News

Actions

GR families booking hotel rooms, playing in pools to escape power outage

Posted at 6:20 PM, Feb 08, 2019
and last updated 2019-02-08 22:40:25-05

CUTLERVILLE, Mich. — For Sarah Smith, staying at home another day was out of the question. She and her family have no power.

Her two little boys haven’t been in school all week, and the generator they’ve been running doesn’t warm up the whole house.

“Oh it’s challenging,” Smith said while holding her 2-year-old son in her arms. “It’s really really hard trying to communicate to them why we can’t turn on different things in our house. (We) can’t get outside. The roads are pretty bad.”

However, Friday morning she braved the roads to take the family to the Holiday Inn in Cutlerville. She checked in for two nights and they headed straight to the pool.

“We just had to get out of our house,” Smith said. “Having this waterpark close, we couldn’t pass it up.”

Friday, thousands of homes and businesses were without power in the Grand Rapids area. The Smith family was one of them. Another was Teresa Weatherall Neal’s in-laws.

“They lost power yesterday,” said Weatherall Neal, superintendent of Grand Rapids Public Schools. “They called me this morning about 6:30 and said they didn’t have heat. It was extremely cold.”

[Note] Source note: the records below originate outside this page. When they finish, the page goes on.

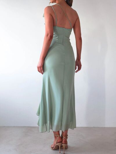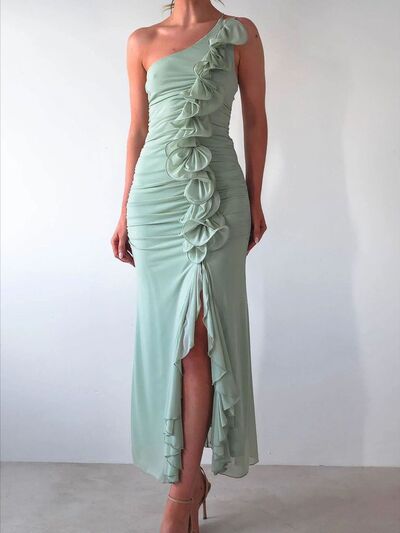 One-Shoulder Ruffle Slit Dress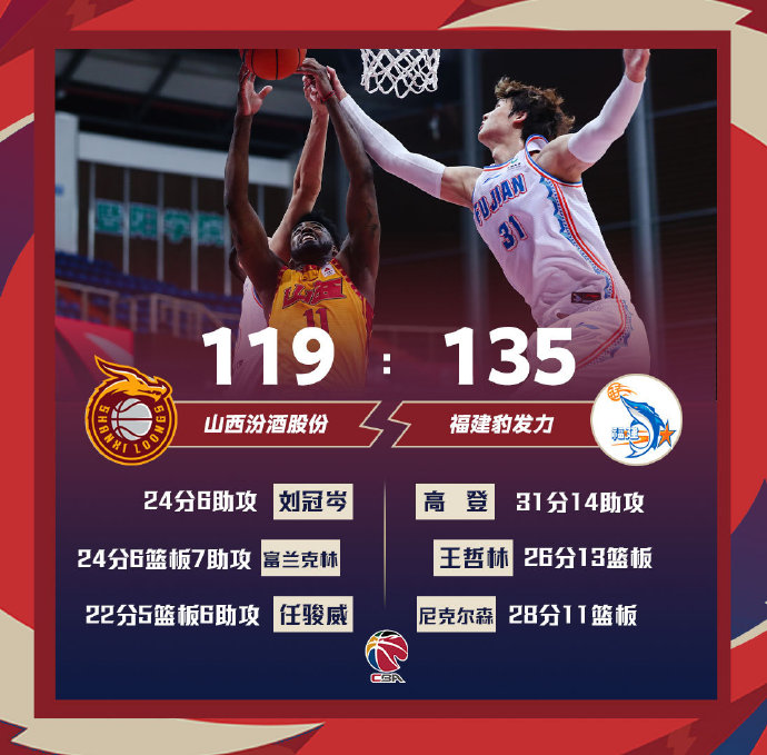 CBA常规赛继续进行,山西和福建迎来全明星赛的最后一战,比赛开始后高登手感火热单节独得11分,福建中段一波10-0奠定优势,首节结束后他们领先5分,次节回来,两队延续对攻节奏,尼克尔森里突外投单节砍下19分,福建末段再次打出10-0攻击波,半场战罢,福建继续领先7分。易边再战,山西进攻再次断电,高登联手王哲林扩大优势,三节结束时福建已经领先18分,末节上来,山西开局不断追分无奈后程乏力,最终福建135-119大胜山西。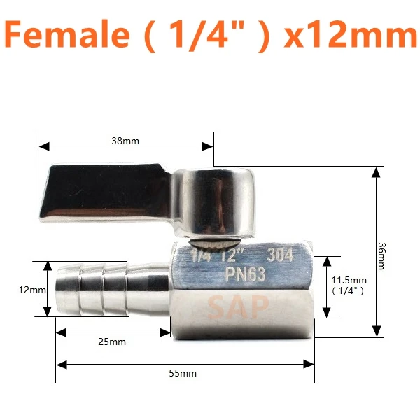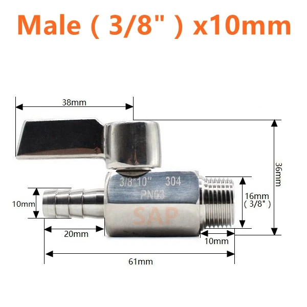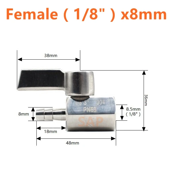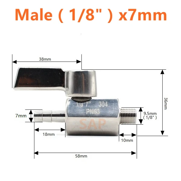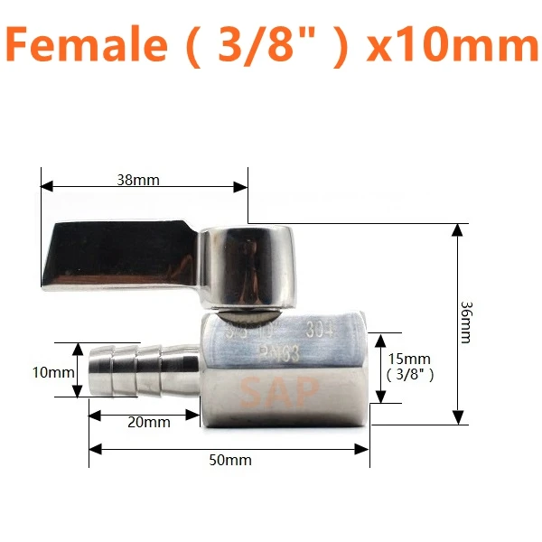 Бесплатная доставка, Мини шаровой кран из нержавеющей стали, ручка 304, адаптер для пагоды, «мама», «папа», 2-ходовой шаровой кран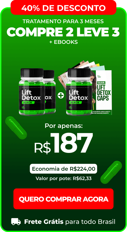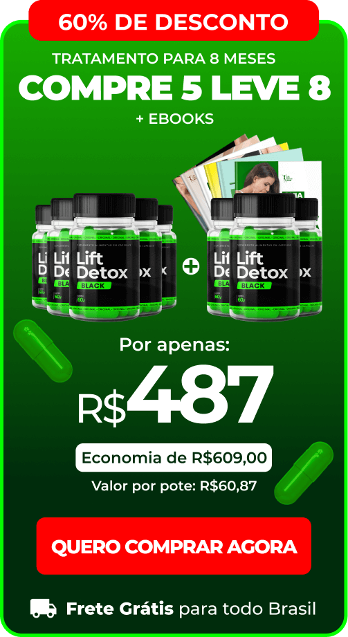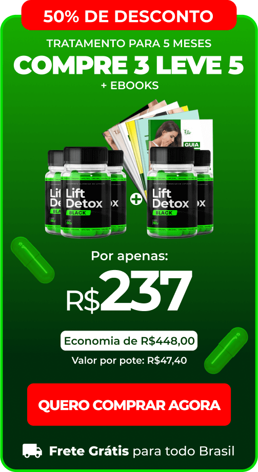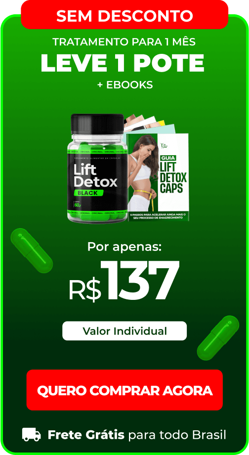 Não comercializamos o Lift Detox Black no Mercado Livre. A venda só pode ser realizada através deste Site Oficial e não nos responsabilizamos por compras realizadas em outros sites. Evite falsificações e riscos a sua saúde.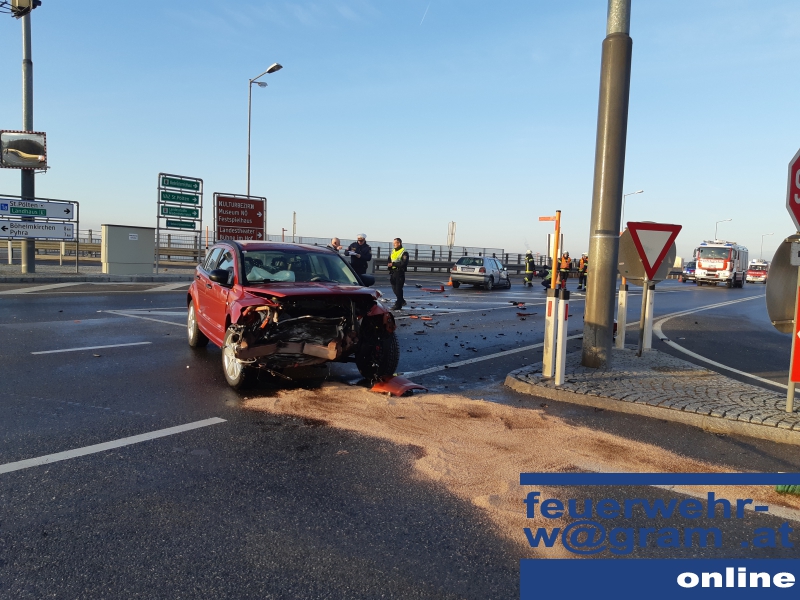 Zwei verletzte Personen hat der Zusammenstoß zweier Autos am Morgen des Dreikönigstages 2020 gebracht. Auf der BrÜcke Über die Kremser Schnellstraße waren im ampelgeregelten Kreuzungsbereich zwei Fahrzeuge kollidiert, erste Meldungen sprachen von einer eingeklemmten Person, weshalb neben der FF St. Pölten-Wagram gemäß definiertem Alarmplan auch die FF St. Pölten-Stadt alarmiert wurde.

Her father-in-law is ill, she said, and he’s currently receiving hospice care. However, to get him warm, she checked them into the Holiday Inn.

“It’s pretty dangerous out, especially for the elderly (and) especially for sick and young kids,” she said. GRPS opened two of its schools as warming centers. “It’s not a time to be without heat or electricity.”

The Holiday Inn was without both as well. It lost power for close to 18 hours and closed for one night, said general manager Vanessa Snelgrove Gould. However as soon as it returned, people affected by the outage started coming in.

“We really wanted people to know that they can come here [and] be warm,” Snelgrove Gould said. “We weren’t taking advantage of the situation.”

She said the hotel is booked to capacity for the next two days. If guests stay longer, due to the outage, they’ll receive a 15 percent discount from Sunday through Thursday.

For guests like Smith, she is just grateful to  be out of the house.

“We’re not going stir crazy  anymore,” Sarah laughed. “We’re here. Thank God for that.”